Overall, the work supports a practical strategy for the community: train within phylogenetic families when possible (e.g., Poaceae, Brassicaceae) to achieve more reliable genome-wide epigenomic annotation in species that lack experimental profiling.

Figure 3. Family-level models improve cross-species prediction of chromatin features. (a) Schematic illustration of family-level training and prediction: the Poaceae model trained on Rice and Maize was used to predict signals in other Poaceae species; the Arabidopsis-trained model was used to predict signals in other Brassicaceae species. (b) Comparison of predicted and observed histone modification signals across representative genomic intervals in multiple Poaceae and Brassicaceae species. (c) Boxplots showing prediction scores for peak and non-peak regions across three histone modifications. (d) Boxplots showing ISM-based Δ scores for peak and non-peak regions across three histone modifications. (e) Quantitative evaluation of family-level prediction performance using Pearson correlation, BigWig correlation, and ROC-AUC for each species-histone pair.
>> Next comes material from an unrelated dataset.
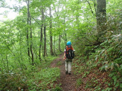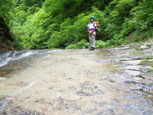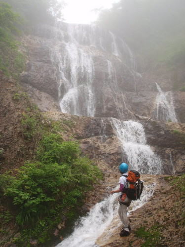 | 先週の水無川本谷で今シーズンの沢幕開けとなり足慣らしをした。リーダー横田川さんは今期初。あまりハードでない、きれいな沢がいいとリクエストしたところ、仙台西の船形山、大倉川・笹木沢に決定。 前夜発、仮眠場所から翌日さらに小1時間、不安になるような山道を小1時間も辿り、やっと入渓点のP到着。先行車1台、あとから釣り人二人連れが到着。林道をくだって大倉川に入渓する。一瞬の笹こぎでも服は真っ黒になる。先行の横田川さんは、すでに竿をだしていた。しばらくは釣り糸をたらしながら遊びつつ遡行。ものの30分で20cm大2匹の釣果。横田川さんは嬉しそう。笹木沢と本谷の出会いからは遡行が本格的になるので竿は一旦格納。笹木沢はグリーンターフといわれる緑がかった沢床で有名だそうだ。綺麗ときいていたが、思ったよりも苔がついていたのと雨上がり+曇天でいまひとつ。ここは水流が勝った沢で、岩とびはあまりない。ナメも多くて美しい。途中何箇所も薄いスノーブリッジをくぐる。スノーブリッジは初めてなので、わくわくしながら不思議なトンネルに驚嘆する。F8まではあまり大きくない滝がいいテンポで続き、飽きさせない。釣り人二人を追い越したあともさらに25cm大1匹、尺モノ1匹を釣り上げて今夜のおかずは確保。F8は結構高さもあったのでザイル。そして核心、20mの鎧滝。これは圧巻だ。ため息が出るような雄雄しく美しい滝だ。左側を登るが、けっこうぬめっていていやらしく、適度なホールド・スタンスはあるものの高さもあるのでザイル。滝の落ち口、潅木をつかんで最後のひと登りというところで、この潅木がごっそり抜けてスリップ。ひやっとした。そのあとは穏やかな渓相と両側に広がるブナのすばらしい林。ブナは本当に美しい。白い幹がまっすぐに空にのびて大きく、包み込まれるような不思議な安心感をもっている。鈴のように満開のベニサラサドウダン、ウラジロヨウラクや、数箇所みかけたシラネアオイも、可憐な風情で風にゆれていた。沢自体は日帰りでも抜けられるくらいの長さだけれど、下山路が厳しいようなので、ほとんど詰めたところで幕場を確保。流木も少なく、濡れた薪から火をおこすのにだいぶ苦労するが、岩魚もこんがり焼け、尺モノは時間がかかるということで岩魚汁に。焚き火でたいた香ばしいご飯とともに最高のディナーだ。これぞ生きる喜び、というと大げさだろうか。夜半、テントをたたく雨の音。もうずっとテント泊は雨ばかり。。。 翌朝も小雨の中、消えずに残っていた熾きから焚き火復活。炊きたてのお米を混ぜご飯のモトでいただき、出発。すぐに雨は上がる。最後まで滑床と綺麗な水を残す沢は、源頭部では日本庭園のような瀟洒な美しさをたたえている。詰め上がりも、泥も藪もない素敵な沢のまま終わり、登山道にとびだす。両側に広がる深いブナ林や咲き乱れる桃色のタニウツギ、ベニサラサドウダン、苔桃などの花々に歓声をあげつつ楽しく歩く。が、楽しいのはここまで。ルートファインディングは難しく、本谷へ下降するため道なき道をコンパス頼りに分け入る。急なガケをブッシュ頼りに滑り降り、少しだけ本谷を下降。一番距離の短いブッシュ付きのガケに狙いを定めてリーダーのトップで3ピッチほど登攀。ドロ壁はすべるしかなり悪いが、なんとか地図上の林道にでた。・・・はずだが、どうみても背丈以上の潅木の自然林で道とはいえない!と私は主張する。が、足元は確かに平らでバラスの痕跡もある。間違いないらしい。こんなものが地図に立派に載っている「林道」なんて初心者の私には絶対にわからなかったろう。ひたすら激しいヤブコギをしながら雨後の木々で全身ずぶぬれになって1時間ほど歩くと、記録にあった「落ちた橋」にたどりつく。しかし谷は眼下遥かで「懸垂むり?」と思うほど。一瞬青くなったがリーダーのすばやく的確な判断は最適な下降ポイントを見つけてくれる。安心してワンピッチで堰堤下に出る。そこから目の前の小滝を登攀するも、これがぬめりとぼろぼろの砂岩で悪い。ちょっとお助け紐にすがって攀じあがる。そこからやっと藪から開放された道らしい道となる。靴を履き替えてさらに1時間半ほどで車に到着。ずぶぬれ泥んこの服を着替えて一路帰途につく。目当ての温泉は運悪く休業で、くさい沢の匂いのままの帰宅となってしまった。総括として、沢自体のグレードは2級程度だが、下山路の厳しさには上級者の経験に基づく判断が必須と感じた。落ちた橋はかれこれ10年はたっているらしく、当然その先は元林道の残骸でしかないわけだ。ひどい藪で顔も手も傷だらけ。焚き火では髪の毛を焼いてしまうし、すべった岩で膝もすねも傷だらけで、沢登りというものは楽しいけど楽じゃない。。。 【船形山 大倉川笹木沢について補足】・・横田川(L) この笹木沢はナメのきれいなお勧めの沢である。それほど難しくないので初級者でも遡行できる。しかし、

An easy-to-use pipeline for genome-wide chromatin signal prediction
Beyond benchmarking, the authors provide an easy-to-use pipeline that enables researchers to generate genome-wide chromatin signal predictions directly from DNA sequence, helping lower the experimental and computational barriers to functional annotation—especially for non-model plant species where epigenomic profiling data remain limited.

Figure 7. User-friendly pipeline for chromatin signal prediction from genomic sequences. In Step 1, plant samples are collected and sequenced using next-generation sequencing (NGS) to obtain genomic data, which is processed into a standardized FASTA file containing chromosome-level sequences. In Step 2, the genome is binned into fixed-length intervals, and the AI-based prediction model is applied to infer the presence and intensity of histone modification signals.